The L-012 in dilute solution (above) contains a trace of horse radish peroxidase (HRP) to produce enhanced luminescence more quickly. The fact the reaction is better with HRP added, indicates that a peroxide (peroxynitrite ) is reacting with the HRP. When the STZ-HRP reaction oxidizes L-012 it produces almost a million counts/minute and the blue light is inhibited by 10 micromolar acetaminophen (Tylenol) etc.. This is a similar occurrence as when SIN-1 which generates peroxynitrite oxidizes L-012 to produce blue luminescence. Both of these luminescent reactions are inhibited by Tylenol and some other amino acids in 10 micromolar doses as previously mentioned because they destroy peroxynitrite since they are nitrated or oxidized by PN thus destroying peroxynitrite’s ability to react with L-012 creating inhibited luminescence.

We added a 10% solution of streptozotocin to an equal volume of DNA ladder solution from Invitrogen and incubated it for 30 minutes at 37C.and compared it using the same conditions of an untreated control DNA ladder sample dilute DNA ladder diluted in running buffer. Post incubation, ten microliters of each sample was placed in different wells of the agarose cassette. Plasmid DNA (g-WIZ-luc luciferase plasmid by Aldevron (6372 base pairs) treated with streptozotocin diluted in running buffer were incubated and placed in wells as above. The cassette has SYBR Safe dye incorporated into the 2% agarose gel for staining the DNA (yellow fluorescence). The samples are subjected to the same conditions of electricity specified by electrophoresis casette for 30 minutes and examined under short wave ultraviolet light and photographed. It is noted that streptozotocin damages the plasmid but not the ladder DNA (visually). It is well known that peroxynitrite follows this same damage pattern as STZ.
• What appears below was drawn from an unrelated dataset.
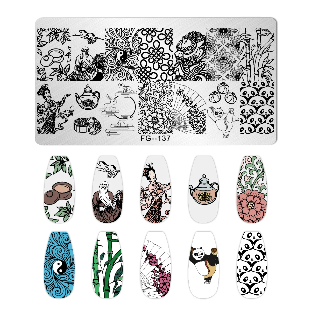 Color: Chocolate - Cute Cartoon Animal Nail Stamping Plates Cartoon Cat Mermaid Girl Gragon Brand Image Stainless Steel Stencil Nail Art Template

Sprague Dawley rats were purchased from a local supplier and all animal work was done according to rules of the Animal Care Committee of the West Virginia University Medical School. We made handling animals with the same special care as if these were our own pets. For example, we would use surface/topical anesthesia, if we were to draw blood samples for glucose assay so the animal would receive minimal pain from the 27 gage needle. The animals in this study weighed about 300 grams. Eight rats were injected subcutaneously with a mixture of 0.5 ml STZ at 30 mg/kg dissolved in PBS, pH=7.4 with carboxy-PTIO equimolar to STZ also dissolved in PBS. Simultaneously, 6 rats were injected with STZ only at 0.5ml at a concentration of 30 mg/kg -so they would become partially diabetic i.e; type 2 like diabetic but would not need insulin injections to stay alive nor would they lose weight during the yearly course of the experiment.. Six rats were injected with similar amounts of saline but without STZ or drugs so that they would not become diabetic and would represent normal rats.
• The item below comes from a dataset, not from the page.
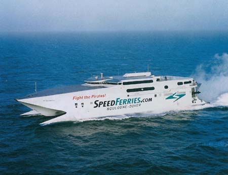 In 2004 SpeedFerries started 'fighting the pirates' between Dover and Boulogne with the wavepiercer catamaran "SpeedOne" (ex "Incat 045", "Jervis Bay"), stopped in 2008. LD Lines created a sensation in 2009 with the "Norman Arrow", a chartered 112m InCat, the most advanced wave-piercing catamaran for a speed of 44 knots, with 800 lanemetres for truck and car transport. In 2010 she was transferred to Portsmouth - Le Havre, after Euroferries tried to enter Ramsgate - Boulogne.

Diabetes studies were accomplished in 35 children with early type 1diabetes (ages were 3-12 years) and similar type children without diabetes were used as controls. These studies were done in children with parent’s consent and with the permission of the West Virginia University Committee for Clinical Studies under the rules of The United States Food and Drug for clinical studies in children. Basically a few milliliters of blood was withdrawn from each child- monthly in the clinic by licensed phlebotomists and assayed via standard clinical assays for glucose and urate. The children were in a fasting condition prior to assay during the study which lasted for a period of three years. This clinical study was accomplished under the supervision of Robert Hoeldtke, MD, Ph.D.in the clinic at West Virginia University Medical School, Morgantown, WV 26506.

All of the quantitative experiments in animals in this report were accomplished four or more times and the means and standard error of the mean (SEM) for like experiments were calculated. In all of these data, no overlap between like groups in multiple experments was ever observed. The statistical analysis between important groups eg., STZ only, STZ/CPTIO or saline only were > 95% confidence level due to the completely separated differences between the data from different groups, and little variation existed within the groups. The experimental STZ group developed clear cut diabetes overnight, as measured by blood glucose levels (about 300mg/dl-compared to 100mg/dl for normal rats) while the STZ/CPTIO group never developed increased blood glucose levels nor cataracts in their lenses 3 months post STZ injection as occurred with animals injected with STZ alone. CPTIO completely protected against STZ toxicity and the glucose level of these CPTIO protected animals stayed normal for longer than a year and the experiment was terminated.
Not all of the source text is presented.